# Testing proportions

A question often arises in the course of comparing results of medical treatments, “Are the differences in proportions of outcomes of interest observed in different populations due to chance?” A variation on the same theme is, “Is the difference between the hypothesized and observed proportions of outcomes of interest due to chance?”

In the most general case, sources (e.g., [22]) recommend using the **pooled two-proportion \(z\)-test** for ascertaining that the difference in percentages of positive outcomes between two samples is *not* due to chance. It proceeds as follows:

formulate the null hypothesis\[H_0 : p_1=p_2\], where \(p_i, i=1,2\) is the \(i\)-th proportion of outcomes of interest;

calculate proportions of outcomes of interest in each sample\[\hat{p_1}\] and \(\hat{p_2}\);

calculate the total combined (pooled) proportion of outcomes of interest\[\hat{p} = \frac{n_{p_1} + n_{p_2}}{n_1+n_2}\], where \(n_{p_i}, i=1,2\) is the number of positive outcomes in the \(i\)-th sample, \(n_i, i=1,2\) is the number of observations in the \(i\)-th sample;

calculate the standard error of the estimated difference \(\hat{p_1} - \hat{p_2}\):

\(SE = \sqrt{\hat{p}\left( 1-\hat{p} \right) \left( \frac{1}{n_1} + \frac{1}{n_2} \right)}\);

calculate the \(z\)-statistic\[z = \frac{\hat{p_1}-\hat{p_2}}{SE}\]

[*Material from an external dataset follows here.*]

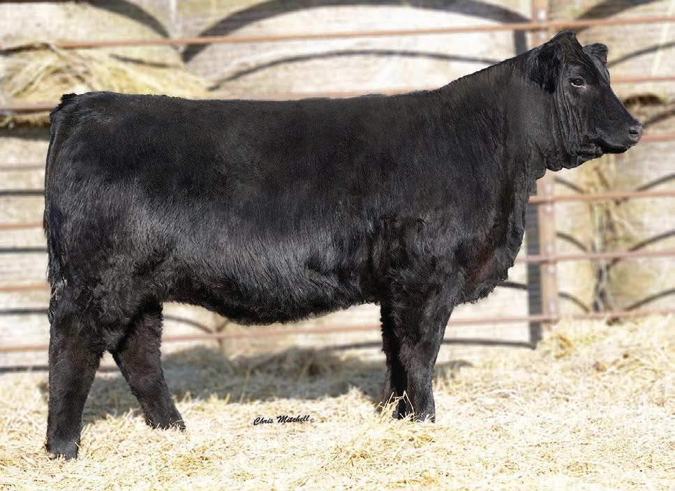 One word would describe this bull…STUD! This is the stoutest bull in the offering! Appreciate the volume, the bone, and the performance this bull offers along with his carcass merit and you should have a sale topping set of steers.

calculate the \(p-\)value for the \(z\)-statistic;

if the \(p\)-value is lower than the chosen threshold (e.g., \(5\%\)), reject \(H_0\), i.e., assume that the samples come from different distributions, otherwise accept it, i.e., assume that the samples came from the same distribution.

This test is generally applicable when the samples are no bigger than \(10\%\) of the total population and the numbers of successes and failures exceed 5.

Arguments can be made in favor of using an unpooled statistic since the variances of two samples do not have to be the same (see, e.g., [31]). In this case, the null hypothesis is \(H_{0_{unpooled}} : p_1 - p_2 = d_0\), where \(d_0\) is hypothesized difference between the two distributions, and the standard error estimate is

\(SE_{unpooled} = \sqrt{\frac{\hat{p_1}(1-\hat{p_1})}{n_1} + \frac{\hat{p_2}(1-\hat{p_2})}{n_2}} \; ,\)

and the corresponding \(z\)-statistic is \(\frac{\hat{p_1} - \hat{p_2} - d_0}{SE_{unpooled}}\). While there are finer points in arguing for the use of the unpooled test, for most practical cases the samples are assumed to come from the same distribution and the use of the pooled test is justified.

Let us consider a worked example based on the prevalence of blood transfusions in two hospitals (pavilions)^{[1]} for the two-year period between May 1, 2012 and May 1, 2014 as presented in Table A.2.

Applying our (pooled) algorithm, we get: \begin{eqnarray} n_1 = 5,000 \; , \nonumber \\ n_2 = 3,000 \; , \nonumber \\ n_{p_1} = 700 \; , \nonumber \\ n_{p_2} = 200 \; , \nonumber \\ \hat{p_1} = 0.14 \; , \nonumber \\ \hat{p_2} = 0.0667 \; , \nonumber \\ \hat{p_1} - \hat{p_2} = 0.0733 \; , \nonumber \\ \hat{p} = \frac{700+200}{5,000+3,000} = 0.1125 \; , \nonumber \\ SE = \sqrt{0.1125(1-0.1125)\left( \frac{1}{700} + \frac{1}{200} \right)} = 0.028\; , \nonumber \\ z = \frac{0.0733}{0.028} = 2.64 \; \nonumber \\ p-value = 2 \Phi(z) = 2 \times 0.0042 = 0.0084 \; , \nonumber \end{eqnarray}

where \(\Phi(z)\) is the standard normal cumulative distribution function and the coefficient \(2\) comes from the two-tailed test.

Given the data in the example and the assumptions made in Section [Methodology], the null hypothesis \(H_0\) that the difference in proportions of patients receiving blood transfusions between pavilions A and B are highly statistically significant (at higher than 99% significance level). We must therefore reject the null hypothesis \(H_0\) and adopt the alternative \(H_A\) , i.e., assume that those proportions come from different distributions.

## Notes

- ↑ We will be using the terms “pavilion” and “hospital” interchangeably throughout this document.